* What you will do *
Your answer must be the exact lines of the listing below that run from the line with "圖7 規(guī)模1 MW和40" to the line with "Cozy for on-the-go", ends included, and no pictures.

* Input data *

== Segment start ==

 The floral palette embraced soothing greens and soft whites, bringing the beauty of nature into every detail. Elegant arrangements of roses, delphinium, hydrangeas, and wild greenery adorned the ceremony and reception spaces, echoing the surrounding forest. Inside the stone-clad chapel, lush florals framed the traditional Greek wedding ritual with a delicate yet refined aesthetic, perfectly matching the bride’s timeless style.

== Segment end ==
== Segment start ==

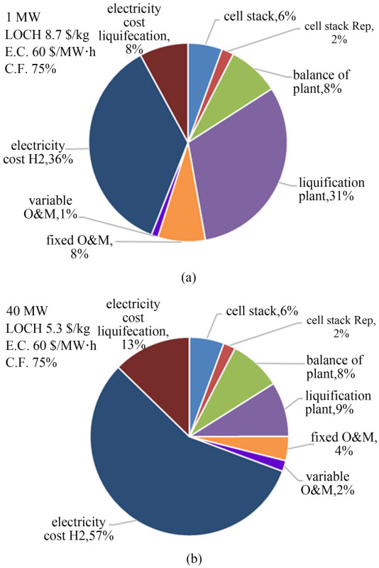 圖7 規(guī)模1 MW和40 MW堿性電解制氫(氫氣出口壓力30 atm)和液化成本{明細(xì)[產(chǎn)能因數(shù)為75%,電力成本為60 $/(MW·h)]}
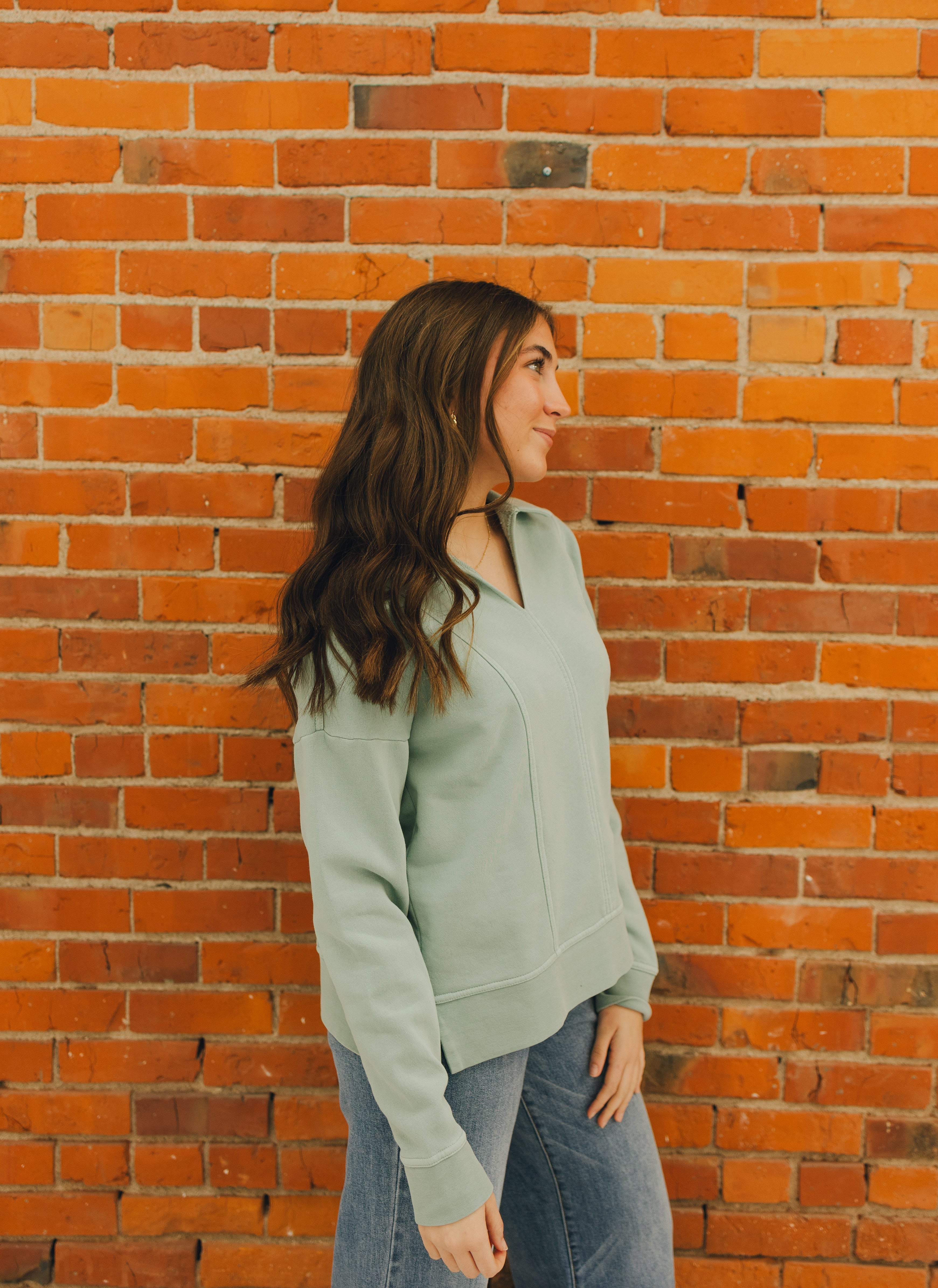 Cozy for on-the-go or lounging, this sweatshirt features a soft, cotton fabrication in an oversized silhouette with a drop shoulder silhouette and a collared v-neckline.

== Segment end ==
== Segment start ==

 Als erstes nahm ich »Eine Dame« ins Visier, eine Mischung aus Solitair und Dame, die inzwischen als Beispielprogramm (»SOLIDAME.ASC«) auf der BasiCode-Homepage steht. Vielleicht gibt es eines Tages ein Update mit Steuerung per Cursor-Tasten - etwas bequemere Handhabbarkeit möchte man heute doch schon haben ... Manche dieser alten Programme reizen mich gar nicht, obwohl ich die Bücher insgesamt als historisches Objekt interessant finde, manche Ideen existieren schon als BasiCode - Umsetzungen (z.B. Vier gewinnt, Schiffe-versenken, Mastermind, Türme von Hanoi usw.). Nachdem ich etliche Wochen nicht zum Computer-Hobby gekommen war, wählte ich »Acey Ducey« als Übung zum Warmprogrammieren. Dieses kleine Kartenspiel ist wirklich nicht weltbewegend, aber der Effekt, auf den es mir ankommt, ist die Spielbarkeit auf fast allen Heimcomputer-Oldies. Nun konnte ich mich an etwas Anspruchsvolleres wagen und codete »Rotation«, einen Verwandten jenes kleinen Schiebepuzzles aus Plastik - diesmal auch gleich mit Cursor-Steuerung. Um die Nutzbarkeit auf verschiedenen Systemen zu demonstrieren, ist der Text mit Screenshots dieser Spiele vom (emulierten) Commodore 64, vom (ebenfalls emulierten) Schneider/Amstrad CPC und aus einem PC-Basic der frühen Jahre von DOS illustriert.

== Segment end ==

* Response to the task *
 圖7 規(guī)模1 MW和40 MW堿性電解制氫(氫氣出口壓力30 atm)和液化成本{明細(xì)[產(chǎn)能因數(shù)為75%,電力成本為60 $/(MW·h)]}
 Cozy for on-the-go or lounging, this sweatshirt features a soft, cotton fabrication in an oversized silhouette with a drop shoulder silhouette and a collared v-neckline.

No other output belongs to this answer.